> _Exercise materials_:
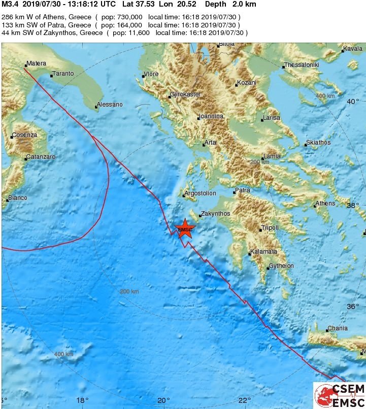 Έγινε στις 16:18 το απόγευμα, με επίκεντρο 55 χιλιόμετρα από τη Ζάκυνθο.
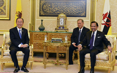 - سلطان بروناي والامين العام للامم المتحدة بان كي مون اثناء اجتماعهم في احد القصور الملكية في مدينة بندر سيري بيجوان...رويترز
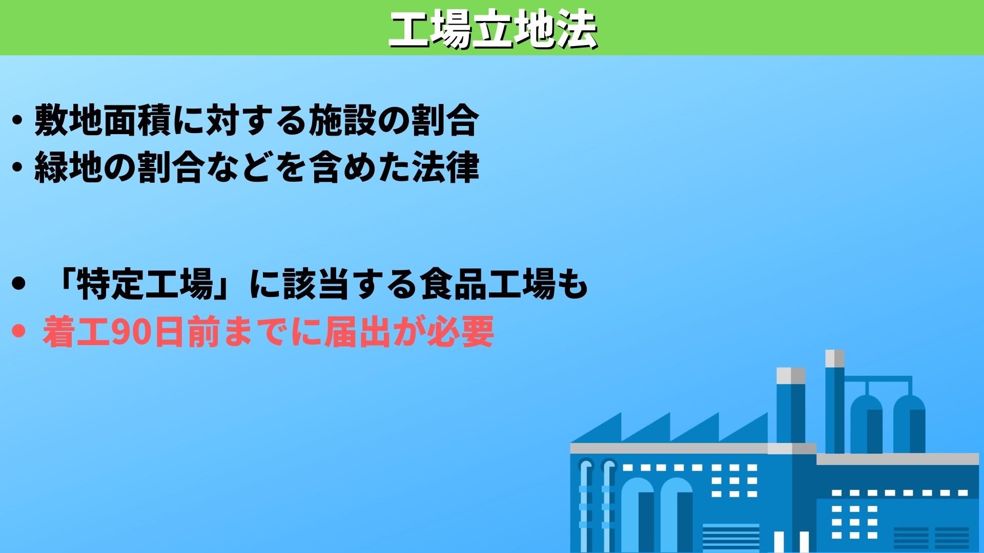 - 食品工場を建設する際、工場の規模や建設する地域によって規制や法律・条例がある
* * *
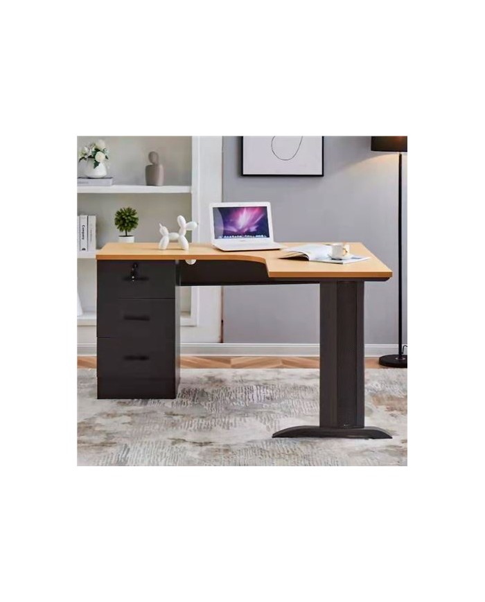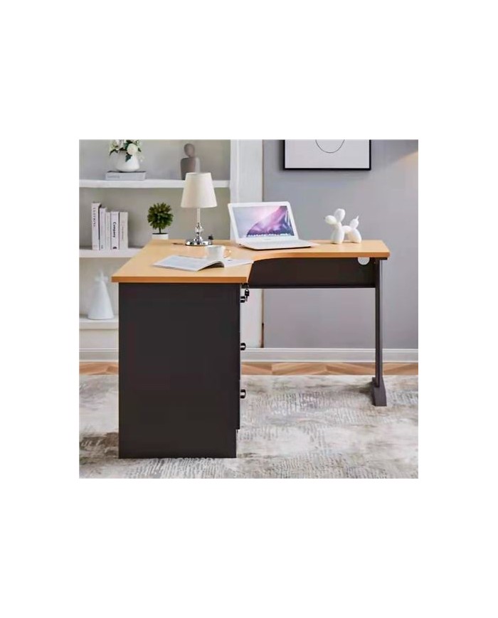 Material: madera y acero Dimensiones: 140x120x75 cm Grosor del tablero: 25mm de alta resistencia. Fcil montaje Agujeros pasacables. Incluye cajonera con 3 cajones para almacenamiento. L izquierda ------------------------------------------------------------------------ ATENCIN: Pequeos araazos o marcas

> _Task details_: Above, find the line with "Έγινε στις 16:18"; copy it and every line down to the line with "- 食品工場を建設する際、工", exactly and both included, but no pictures.

> _Worked solution_:
 Έγινε στις 16:18 το απόγευμα, με επίκεντρο 55 χιλιόμετρα από τη Ζάκυνθο.
 - سلطان بروناي والامين العام للامم المتحدة بان كي مون اثناء اجتماعهم في احد القصور الملكية في مدينة بندر سيري بيجوان...رويترز
 - 食品工場を建設する際、工場の規模や建設する地域によって規制や法律・条例がある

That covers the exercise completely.